Хотя вошли «большие бояре» без доклада, без обычного сказу за дверью, все же низко поклонились ребенку.
– Челом бьем тебе, государь, великий князь. Каков царь в здоровье своем?
Не отвечая на здорованье, мальчик нахмурился.
– А что же вы, бояре, без зову, без докладу пришли? Не бывало так еще… Что надо? Рано… спать я хочу.
– Спи, государь. А у нас дело неотложное. Вот, ее нам и надобно лишь! – указывая на Аграфену, отвечал Василий Васильевич Шуйский.
– Ее? Зачем? Кто смеет?! Не троньте ее… Моя мамушка, и ничья больше! – начиная дрожать, звонким рвущимся голоском выкрикнул ребенок.
– Да ты не тревожься, государь! – выступая вперед, мягко, вкрадчиво стал уговаривать Иван Шуйский мальчика. – Твоя она мамушка, и будет так. Сама же похвалялась, что знает бабу, которая твою усопшую родительницу испортила! Помяни Господи душу княгинюшки… Так, теперь на очи надо их для правды друг дружке поставить… Для твоей же пользы государевой, по царскому твоему велению и по Судебнику…
Мальчик уже знал, что Судебник нечто важное в государстве, чему и властитель порой покоряться должен. Но слезы и растерянный, напуганный вид мамки лишали его всякого соображения.
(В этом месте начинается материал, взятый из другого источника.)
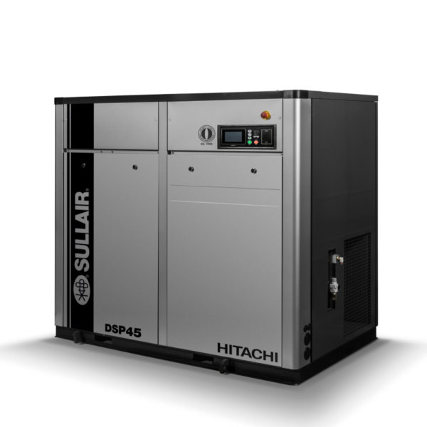Hitachi, Tokyo, 1910, brings motors from a railway traction platform to oil-free screw compression. Thermal growth management between rotors and housings is the central problem in oil-free, and Hitachi's approach draws on precision rotating equipment engineering from its other industrial divisions. Below 62 dBA through source-level design. Labs, hospitals, semiconductor fabs.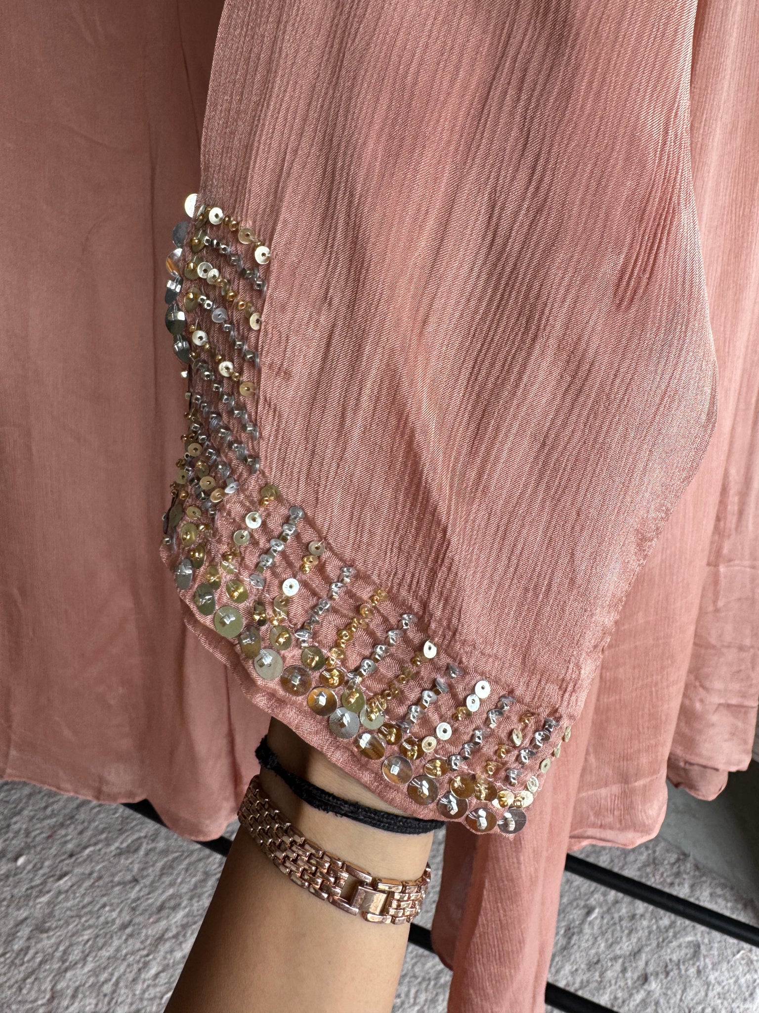 Ragini Chinon Squence Work Kurta With Flared Plazzo Pants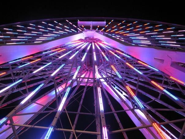 THE RIDE HAS BRIGHT BLUE, RED AND WHITE LED LIGHTS ON EACH BAR OF IT MAKING IT VERY NOTICEABLE.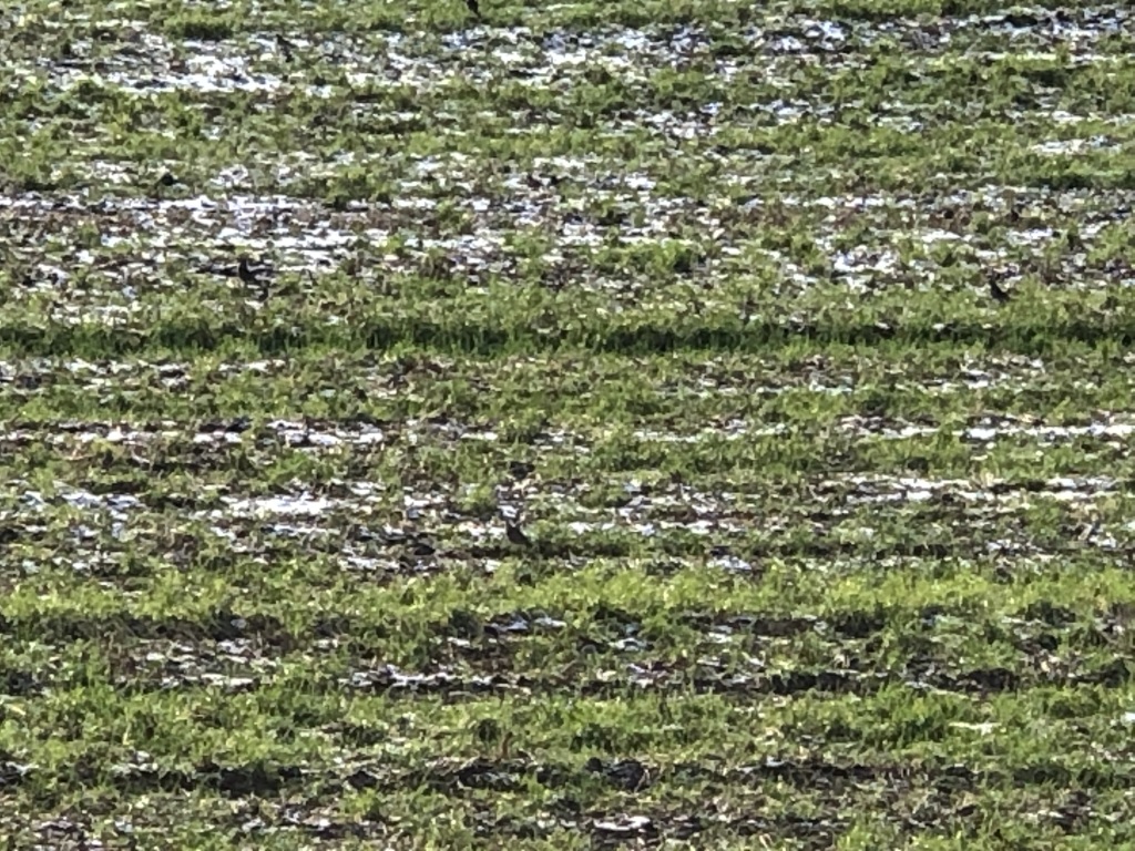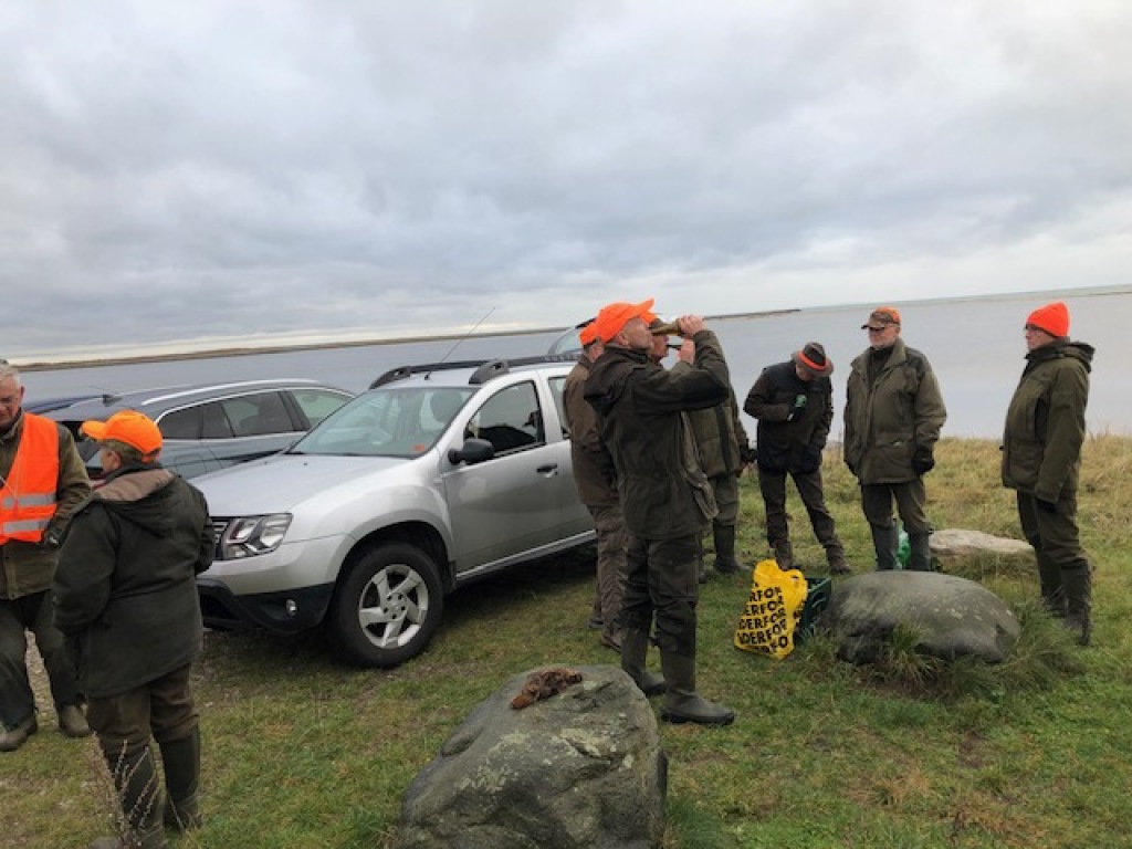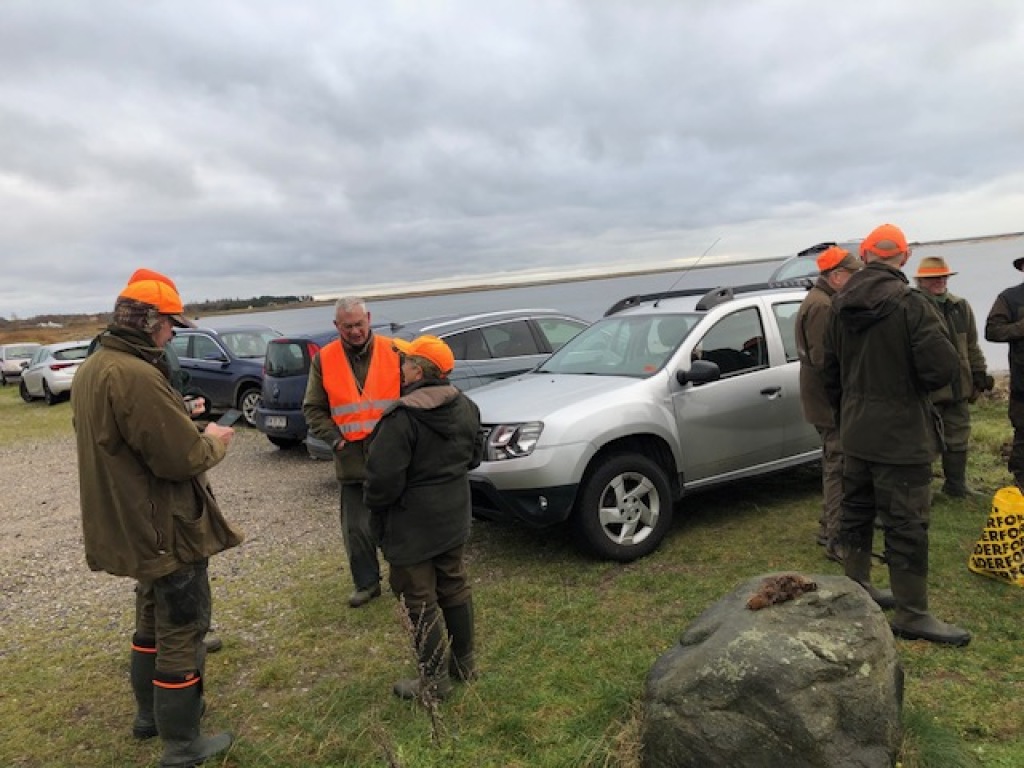 Det blæste "en halv pelikan", da vi mødtes ved sydenden af Slusesåten; så det gik gennem marv og ben ! Det blev derfor er kort parole, hvor det blev "befalet", at man skulle beholde huerne på. Der var ingen af de 9 deltagende, der ligefrem stod i kø for at være blandt de, der der skulle stå på post på havsiden. Yderst forståeligt. Tilsidst var der dog 3, der meldte sig frivilligt. Dem satte Stig Troelsen på post, mens formanden satte af langs vejen. Det vigtigste var dog, at det holdt tørvejr på trods af vejerprofeternes varslinger om kraftig regn. Der blev lettet 4 bekkasiner, som der selvsagt ikke blev skudt til, da vi jo har passeret 31. december.

Обхватив ее руками, он решительно сказал:
– Не дам! Сюда эту бабу ведите… Пусть здесь судят…
– И того нельзя, невозможно никак, господине. У владыки-митрополита, на его очах суд идет… И дойти там должен до конца… Отпусти мамушку на малый час… Она ведь не ребенок малый, поймет, что волей-неволей, а надо идти… сама поймет… Пусти ее…
– Нет, не пущу! – крикнул еще громче мальчик.
– Не пускай, не давай!.. – взмолилась, рыдая, Челяднина.
Но одним сильным движением оторвал Шуйский Василий рыдающую женщину от ребенка и отшвырнул ее к двери… Там уж ждали, подхватили, мгновенно увели ее… Ушли и бояре, пропустив к ребенку Анну Глинскую, бабушку его. Стояла она до сих пор за дверьми, в смертельной тревоге, но не смела войти…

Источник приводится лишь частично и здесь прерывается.